→ HOW TO COMPLETE THIS TASK
The listing below contains a span that opens with the line containing "Scope and ContentPoster" and closes with the line containing "Певица Grisana снялась". Return that span exactly.

→ INPUT FOR THIS TASK
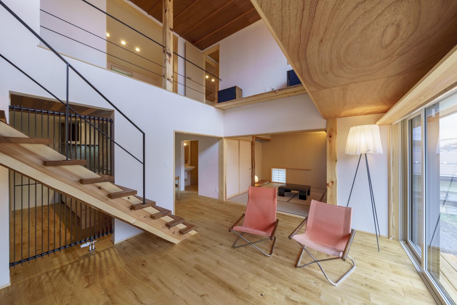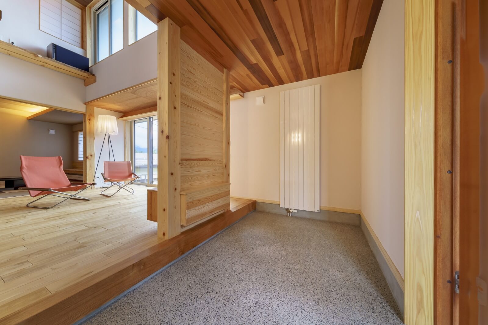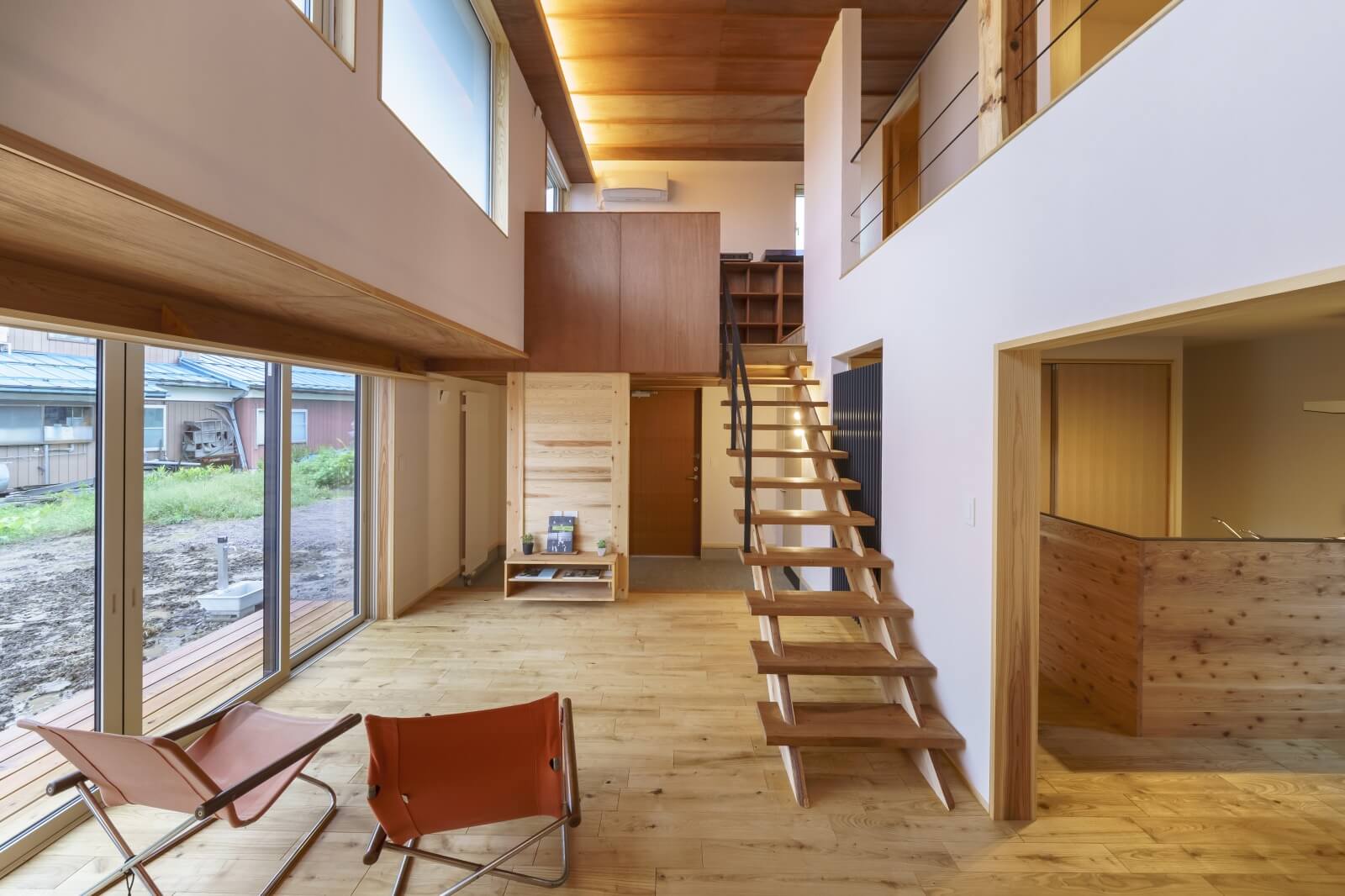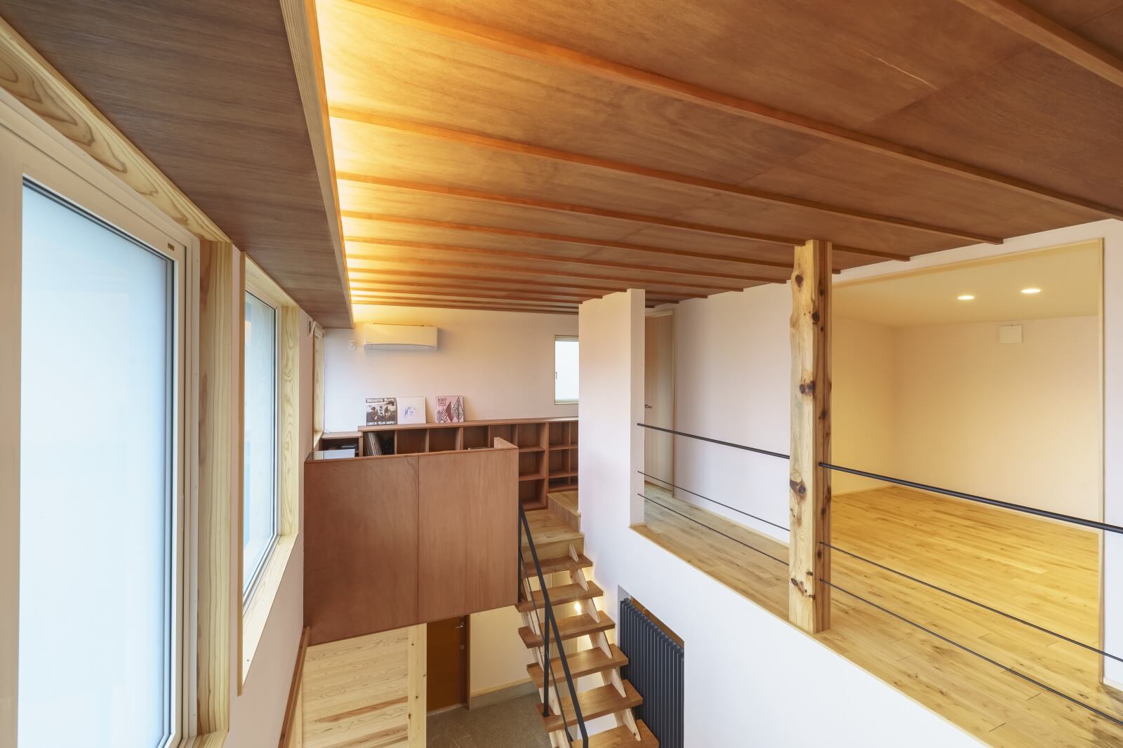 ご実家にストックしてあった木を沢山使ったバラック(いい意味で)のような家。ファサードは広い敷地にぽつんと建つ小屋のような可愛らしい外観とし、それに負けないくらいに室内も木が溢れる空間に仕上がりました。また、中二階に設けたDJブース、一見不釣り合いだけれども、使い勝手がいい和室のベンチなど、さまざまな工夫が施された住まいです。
--
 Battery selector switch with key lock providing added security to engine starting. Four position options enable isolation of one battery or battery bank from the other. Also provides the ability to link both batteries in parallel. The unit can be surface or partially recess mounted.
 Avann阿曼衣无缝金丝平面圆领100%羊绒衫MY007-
==
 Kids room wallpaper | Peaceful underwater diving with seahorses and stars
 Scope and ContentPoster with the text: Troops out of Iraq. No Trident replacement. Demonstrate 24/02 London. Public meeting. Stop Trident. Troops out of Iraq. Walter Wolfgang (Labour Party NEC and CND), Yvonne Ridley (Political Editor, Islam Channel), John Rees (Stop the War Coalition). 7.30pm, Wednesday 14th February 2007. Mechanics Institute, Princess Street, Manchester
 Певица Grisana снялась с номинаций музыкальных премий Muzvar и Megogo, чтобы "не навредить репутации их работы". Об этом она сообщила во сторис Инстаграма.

→ EXERCISE RESULT
 Scope and ContentPoster with the text: Troops out of Iraq. No Trident replacement. Demonstrate 24/02 London. Public meeting. Stop Trident. Troops out of Iraq. Walter Wolfgang (Labour Party NEC and CND), Yvonne Ridley (Political Editor, Islam Channel), John Rees (Stop the War Coalition). 7.30pm, Wednesday 14th February 2007. Mechanics Institute, Princess Street, Manchester
 Певица Grisana снялась с номинаций музыкальных премий Muzvar и Megogo, чтобы "не навредить репутации их работы". Об этом она сообщила во сторис Инстаграма.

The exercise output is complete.